_About this exercise_.
Print word for word the first line of the listing below and every line after it, through the line with "ja uns wir fahren". Leave out the pictures and the rest.

_Material provided_.
·····

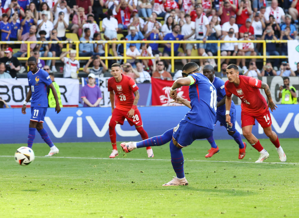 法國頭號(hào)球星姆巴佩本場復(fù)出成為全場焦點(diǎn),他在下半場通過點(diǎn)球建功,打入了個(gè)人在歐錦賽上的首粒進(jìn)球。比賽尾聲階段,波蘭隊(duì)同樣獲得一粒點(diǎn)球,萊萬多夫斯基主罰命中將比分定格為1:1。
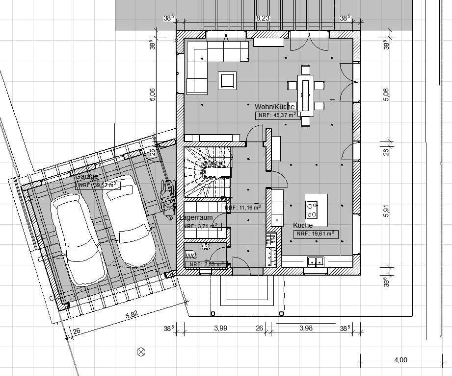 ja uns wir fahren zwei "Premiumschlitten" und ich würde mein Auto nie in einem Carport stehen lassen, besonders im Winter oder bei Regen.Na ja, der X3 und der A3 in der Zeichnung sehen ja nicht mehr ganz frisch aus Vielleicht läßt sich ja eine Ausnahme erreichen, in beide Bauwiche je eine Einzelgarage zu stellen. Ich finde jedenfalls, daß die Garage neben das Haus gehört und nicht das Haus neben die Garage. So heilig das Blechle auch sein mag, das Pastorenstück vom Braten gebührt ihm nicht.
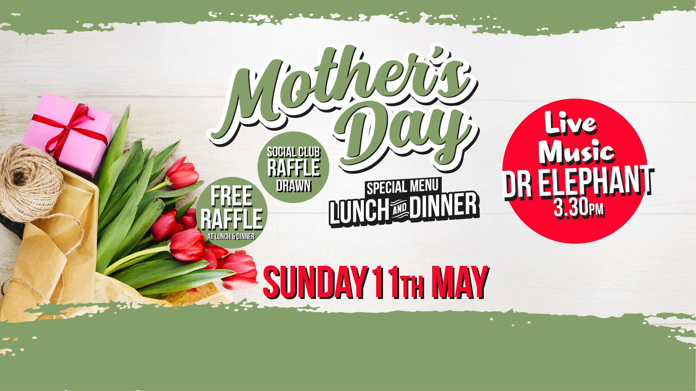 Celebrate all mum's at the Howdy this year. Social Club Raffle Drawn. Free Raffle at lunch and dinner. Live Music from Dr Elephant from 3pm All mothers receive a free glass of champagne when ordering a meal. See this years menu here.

·····

_Answer to this problem_.
 法國頭號(hào)球星姆巴佩本場復(fù)出成為全場焦點(diǎn),他在下半場通過點(diǎn)球建功,打入了個(gè)人在歐錦賽上的首粒進(jìn)球。比賽尾聲階段,波蘭隊(duì)同樣獲得一粒點(diǎn)球,萊萬多夫斯基主罰命中將比分定格為1:1。
 ja uns wir fahren zwei "Premiumschlitten" und ich würde mein Auto nie in einem Carport stehen lassen, besonders im Winter oder bei Regen.Na ja, der X3 und der A3 in der Zeichnung sehen ja nicht mehr ganz frisch aus Vielleicht läßt sich ja eine Ausnahme erreichen, in beide Bauwiche je eine Einzelgarage zu stellen. Ich finde jedenfalls, daß die Garage neben das Haus gehört und nicht das Haus neben die Garage. So heilig das Blechle auch sein mag, das Pastorenstück vom Braten gebührt ihm nicht.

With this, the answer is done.